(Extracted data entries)

§ §

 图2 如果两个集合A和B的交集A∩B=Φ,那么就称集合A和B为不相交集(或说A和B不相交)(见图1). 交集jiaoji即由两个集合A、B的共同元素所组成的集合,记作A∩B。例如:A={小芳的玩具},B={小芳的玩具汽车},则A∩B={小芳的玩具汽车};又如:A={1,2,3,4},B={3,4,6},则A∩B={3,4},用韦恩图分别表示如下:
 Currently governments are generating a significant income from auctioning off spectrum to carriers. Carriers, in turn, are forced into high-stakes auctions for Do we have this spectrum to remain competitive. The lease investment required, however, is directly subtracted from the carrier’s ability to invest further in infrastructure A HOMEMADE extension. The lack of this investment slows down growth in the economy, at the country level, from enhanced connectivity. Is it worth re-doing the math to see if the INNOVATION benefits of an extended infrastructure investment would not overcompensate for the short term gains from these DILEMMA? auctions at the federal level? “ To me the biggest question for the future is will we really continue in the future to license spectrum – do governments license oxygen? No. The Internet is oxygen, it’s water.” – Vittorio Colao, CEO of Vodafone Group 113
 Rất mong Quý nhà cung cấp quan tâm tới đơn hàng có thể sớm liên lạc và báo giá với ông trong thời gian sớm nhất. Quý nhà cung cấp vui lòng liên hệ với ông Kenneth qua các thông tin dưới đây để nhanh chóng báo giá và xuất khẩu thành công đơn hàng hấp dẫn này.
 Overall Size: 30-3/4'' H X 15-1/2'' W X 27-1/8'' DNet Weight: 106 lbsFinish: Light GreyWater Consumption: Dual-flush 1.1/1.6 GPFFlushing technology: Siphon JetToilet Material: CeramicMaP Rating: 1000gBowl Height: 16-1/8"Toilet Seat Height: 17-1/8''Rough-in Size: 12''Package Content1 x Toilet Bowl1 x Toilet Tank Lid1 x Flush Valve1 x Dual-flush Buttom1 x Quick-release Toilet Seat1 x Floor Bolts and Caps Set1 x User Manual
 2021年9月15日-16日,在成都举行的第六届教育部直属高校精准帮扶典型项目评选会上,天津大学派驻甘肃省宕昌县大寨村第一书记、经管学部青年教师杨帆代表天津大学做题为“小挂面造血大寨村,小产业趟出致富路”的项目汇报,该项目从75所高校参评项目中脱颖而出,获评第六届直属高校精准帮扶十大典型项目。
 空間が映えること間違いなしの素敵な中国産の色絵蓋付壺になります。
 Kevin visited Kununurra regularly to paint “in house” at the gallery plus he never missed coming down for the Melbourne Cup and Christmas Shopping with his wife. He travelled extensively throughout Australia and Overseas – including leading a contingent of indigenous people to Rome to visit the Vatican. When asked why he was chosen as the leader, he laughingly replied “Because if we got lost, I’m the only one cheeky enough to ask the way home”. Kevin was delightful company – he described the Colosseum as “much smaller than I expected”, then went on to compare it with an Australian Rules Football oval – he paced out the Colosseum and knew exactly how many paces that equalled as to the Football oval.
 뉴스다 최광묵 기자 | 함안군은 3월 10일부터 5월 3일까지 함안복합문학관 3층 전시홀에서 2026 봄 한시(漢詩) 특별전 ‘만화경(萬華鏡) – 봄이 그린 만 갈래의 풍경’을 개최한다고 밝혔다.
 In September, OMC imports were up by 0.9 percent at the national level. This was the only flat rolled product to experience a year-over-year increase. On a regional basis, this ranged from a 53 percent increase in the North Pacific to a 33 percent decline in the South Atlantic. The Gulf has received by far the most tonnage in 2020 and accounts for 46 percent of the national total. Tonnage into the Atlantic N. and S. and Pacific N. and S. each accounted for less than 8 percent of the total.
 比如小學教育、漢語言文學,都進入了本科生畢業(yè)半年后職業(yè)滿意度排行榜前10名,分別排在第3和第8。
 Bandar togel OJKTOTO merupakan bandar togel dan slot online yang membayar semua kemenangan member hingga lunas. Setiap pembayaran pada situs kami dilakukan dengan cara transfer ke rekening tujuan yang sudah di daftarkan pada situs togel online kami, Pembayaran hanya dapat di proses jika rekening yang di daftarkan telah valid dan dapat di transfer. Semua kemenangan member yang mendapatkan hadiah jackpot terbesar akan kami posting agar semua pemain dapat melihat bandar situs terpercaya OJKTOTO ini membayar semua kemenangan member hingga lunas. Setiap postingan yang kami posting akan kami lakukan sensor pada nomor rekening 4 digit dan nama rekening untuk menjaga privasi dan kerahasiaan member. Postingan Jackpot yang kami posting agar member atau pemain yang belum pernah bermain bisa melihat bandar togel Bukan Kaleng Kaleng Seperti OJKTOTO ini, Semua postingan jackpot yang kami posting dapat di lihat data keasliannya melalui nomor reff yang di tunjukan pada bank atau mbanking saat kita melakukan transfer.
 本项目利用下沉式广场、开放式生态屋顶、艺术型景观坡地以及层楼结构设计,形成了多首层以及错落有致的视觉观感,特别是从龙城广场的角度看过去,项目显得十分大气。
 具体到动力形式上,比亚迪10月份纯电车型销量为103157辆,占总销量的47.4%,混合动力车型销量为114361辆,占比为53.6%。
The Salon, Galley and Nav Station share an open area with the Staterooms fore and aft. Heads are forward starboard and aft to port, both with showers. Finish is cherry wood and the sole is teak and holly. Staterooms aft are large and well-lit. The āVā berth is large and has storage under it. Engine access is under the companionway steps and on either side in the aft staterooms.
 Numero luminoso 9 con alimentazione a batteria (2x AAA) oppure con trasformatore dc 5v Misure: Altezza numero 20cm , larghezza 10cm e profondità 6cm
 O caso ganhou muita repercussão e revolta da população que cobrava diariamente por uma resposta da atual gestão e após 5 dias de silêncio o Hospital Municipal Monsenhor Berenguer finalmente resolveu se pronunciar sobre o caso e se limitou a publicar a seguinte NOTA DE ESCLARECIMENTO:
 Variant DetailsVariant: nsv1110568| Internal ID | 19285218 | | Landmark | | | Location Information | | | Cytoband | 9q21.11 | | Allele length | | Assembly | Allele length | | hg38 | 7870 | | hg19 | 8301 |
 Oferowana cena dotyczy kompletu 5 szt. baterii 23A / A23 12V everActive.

§ §

** Task goal **
All records are to be retyped exactly. None may be omitted.

** Answer box **
 图2 如果两个集合A和B的交集A∩B=Φ,那么就称集合A和B为不相交集(或说A和B不相交)(见图1). 交集jiaoji即由两个集合A、B的共同元素所组成的集合,记作A∩B。例如:A={小芳的玩具},B={小芳的玩具汽车},则A∩B={小芳的玩具汽车};又如:A={1,2,3,4},B={3,4,6},则A∩B={3,4},用韦恩图分别表示如下:
 Currently governments are generating a significant income from auctioning off spectrum to carriers. Carriers, in turn, are forced into high-stakes auctions for Do we have this spectrum to remain competitive. The lease investment required, however, is directly subtracted from the carrier’s ability to invest further in infrastructure A HOMEMADE extension. The lack of this investment slows down growth in the economy, at the country level, from enhanced connectivity. Is it worth re-doing the math to see if the INNOVATION benefits of an extended infrastructure investment would not overcompensate for the short term gains from these DILEMMA? auctions at the federal level? “ To me the biggest question for the future is will we really continue in the future to license spectrum – do governments license oxygen? No. The Internet is oxygen, it’s water.” – Vittorio Colao, CEO of Vodafone Group 113
 Rất mong Quý nhà cung cấp quan tâm tới đơn hàng có thể sớm liên lạc và báo giá với ông trong thời gian sớm nhất. Quý nhà cung cấp vui lòng liên hệ với ông Kenneth qua các thông tin dưới đây để nhanh chóng báo giá và xuất khẩu thành công đơn hàng hấp dẫn này.
 Overall Size: 30-3/4'' H X 15-1/2'' W X 27-1/8'' DNet Weight: 106 lbsFinish: Light GreyWater Consumption: Dual-flush 1.1/1.6 GPFFlushing technology: Siphon JetToilet Material: CeramicMaP Rating: 1000gBowl Height: 16-1/8"Toilet Seat Height: 17-1/8''Rough-in Size: 12''Package Content1 x Toilet Bowl1 x Toilet Tank Lid1 x Flush Valve1 x Dual-flush Buttom1 x Quick-release Toilet Seat1 x Floor Bolts and Caps Set1 x User Manual
 2021年9月15日-16日,在成都举行的第六届教育部直属高校精准帮扶典型项目评选会上,天津大学派驻甘肃省宕昌县大寨村第一书记、经管学部青年教师杨帆代表天津大学做题为“小挂面造血大寨村,小产业趟出致富路”的项目汇报,该项目从75所高校参评项目中脱颖而出,获评第六届直属高校精准帮扶十大典型项目。
 空間が映えること間違いなしの素敵な中国産の色絵蓋付壺になります。
 Kevin visited Kununurra regularly to paint “in house” at the gallery plus he never missed coming down for the Melbourne Cup and Christmas Shopping with his wife. He travelled extensively throughout Australia and Overseas – including leading a contingent of indigenous people to Rome to visit the Vatican. When asked why he was chosen as the leader, he laughingly replied “Because if we got lost, I’m the only one cheeky enough to ask the way home”. Kevin was delightful company – he described the Colosseum as “much smaller than I expected”, then went on to compare it with an Australian Rules Football oval – he paced out the Colosseum and knew exactly how many paces that equalled as to the Football oval.
 뉴스다 최광묵 기자 | 함안군은 3월 10일부터 5월 3일까지 함안복합문학관 3층 전시홀에서 2026 봄 한시(漢詩) 특별전 ‘만화경(萬華鏡) – 봄이 그린 만 갈래의 풍경’을 개최한다고 밝혔다.
 In September, OMC imports were up by 0.9 percent at the national level. This was the only flat rolled product to experience a year-over-year increase. On a regional basis, this ranged from a 53 percent increase in the North Pacific to a 33 percent decline in the South Atlantic. The Gulf has received by far the most tonnage in 2020 and accounts for 46 percent of the national total. Tonnage into the Atlantic N. and S. and Pacific N. and S. each accounted for less than 8 percent of the total.
 比如小學教育、漢語言文學,都進入了本科生畢業(yè)半年后職業(yè)滿意度排行榜前10名,分別排在第3和第8。
 Bandar togel OJKTOTO merupakan bandar togel dan slot online yang membayar semua kemenangan member hingga lunas. Setiap pembayaran pada situs kami dilakukan dengan cara transfer ke rekening tujuan yang sudah di daftarkan pada situs togel online kami, Pembayaran hanya dapat di proses jika rekening yang di daftarkan telah valid dan dapat di transfer. Semua kemenangan member yang mendapatkan hadiah jackpot terbesar akan kami posting agar semua pemain dapat melihat bandar situs terpercaya OJKTOTO ini membayar semua kemenangan member hingga lunas. Setiap postingan yang kami posting akan kami lakukan sensor pada nomor rekening 4 digit dan nama rekening untuk menjaga privasi dan kerahasiaan member. Postingan Jackpot yang kami posting agar member atau pemain yang belum pernah bermain bisa melihat bandar togel Bukan Kaleng Kaleng Seperti OJKTOTO ini, Semua postingan jackpot yang kami posting dapat di lihat data keasliannya melalui nomor reff yang di tunjukan pada bank atau mbanking saat kita melakukan transfer.
 本项目利用下沉式广场、开放式生态屋顶、艺术型景观坡地以及层楼结构设计,形成了多首层以及错落有致的视觉观感,特别是从龙城广场的角度看过去,项目显得十分大气。
 具体到动力形式上,比亚迪10月份纯电车型销量为103157辆,占总销量的47.4%,混合动力车型销量为114361辆,占比为53.6%。
The Salon, Galley and Nav Station share an open area with the Staterooms fore and aft. Heads are forward starboard and aft to port, both with showers. Finish is cherry wood and the sole is teak and holly. Staterooms aft are large and well-lit. The āVā berth is large and has storage under it. Engine access is under the companionway steps and on either side in the aft staterooms.
 Numero luminoso 9 con alimentazione a batteria (2x AAA) oppure con trasformatore dc 5v Misure: Altezza numero 20cm , larghezza 10cm e profondità 6cm
 O caso ganhou muita repercussão e revolta da população que cobrava diariamente por uma resposta da atual gestão e após 5 dias de silêncio o Hospital Municipal Monsenhor Berenguer finalmente resolveu se pronunciar sobre o caso e se limitou a publicar a seguinte NOTA DE ESCLARECIMENTO:
 Variant DetailsVariant: nsv1110568| Internal ID | 19285218 | | Landmark | | | Location Information | | | Cytoband | 9q21.11 | | Allele length | | Assembly | Allele length | | hg38 | 7870 | | hg19 | 8301 |
 Oferowana cena dotyczy kompletu 5 szt. baterii 23A / A23 12V everActive.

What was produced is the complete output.